What needs to be done:
Return, unchanged and with no pictures, the lines below from the very first through the one that contains "3、施工过程中,假如承包人提出规定使用专利技术经工程师同意后,应由( )。".

Material provided:

▬▬▬▬▬▬

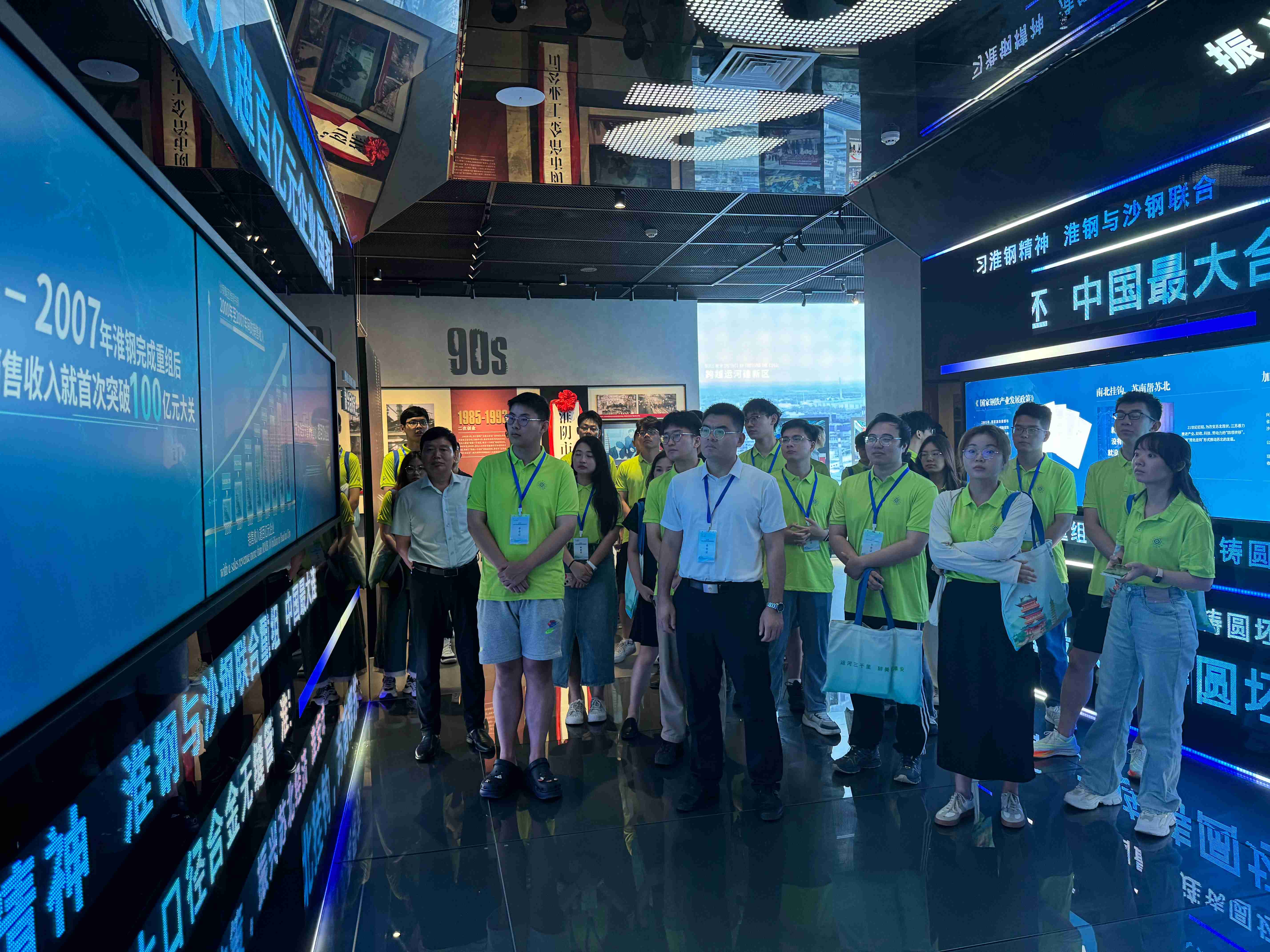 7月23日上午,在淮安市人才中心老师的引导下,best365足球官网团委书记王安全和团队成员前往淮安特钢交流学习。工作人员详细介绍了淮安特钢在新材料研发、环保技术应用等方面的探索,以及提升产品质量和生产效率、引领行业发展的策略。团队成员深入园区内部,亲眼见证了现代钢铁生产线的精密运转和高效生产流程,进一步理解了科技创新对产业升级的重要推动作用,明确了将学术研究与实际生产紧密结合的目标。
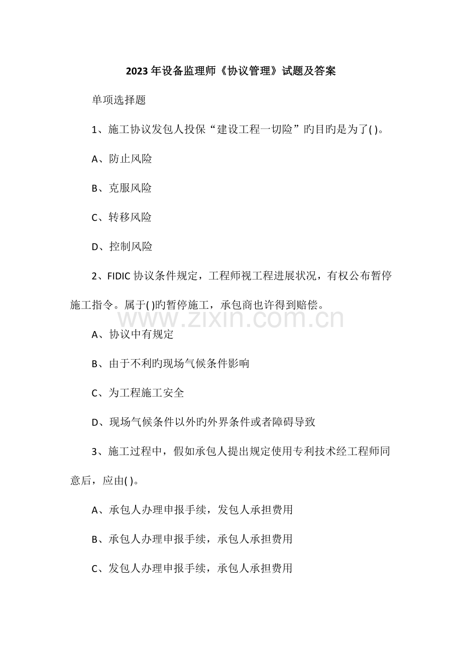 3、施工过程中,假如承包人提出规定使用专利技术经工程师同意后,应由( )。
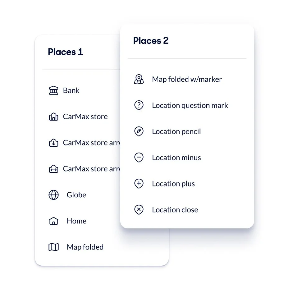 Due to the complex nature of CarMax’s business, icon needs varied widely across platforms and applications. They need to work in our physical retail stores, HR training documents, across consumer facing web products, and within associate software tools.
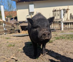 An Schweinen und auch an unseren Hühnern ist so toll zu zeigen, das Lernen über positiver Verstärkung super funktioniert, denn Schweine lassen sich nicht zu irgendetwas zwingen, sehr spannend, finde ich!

▬▬▬▬▬▬

Exercise answer:
 7月23日上午,在淮安市人才中心老师的引导下,best365足球官网团委书记王安全和团队成员前往淮安特钢交流学习。工作人员详细介绍了淮安特钢在新材料研发、环保技术应用等方面的探索,以及提升产品质量和生产效率、引领行业发展的策略。团队成员深入园区内部,亲眼见证了现代钢铁生产线的精密运转和高效生产流程,进一步理解了科技创新对产业升级的重要推动作用,明确了将学术研究与实际生产紧密结合的目标。
 3、施工过程中,假如承包人提出规定使用专利技术经工程师同意后,应由( )。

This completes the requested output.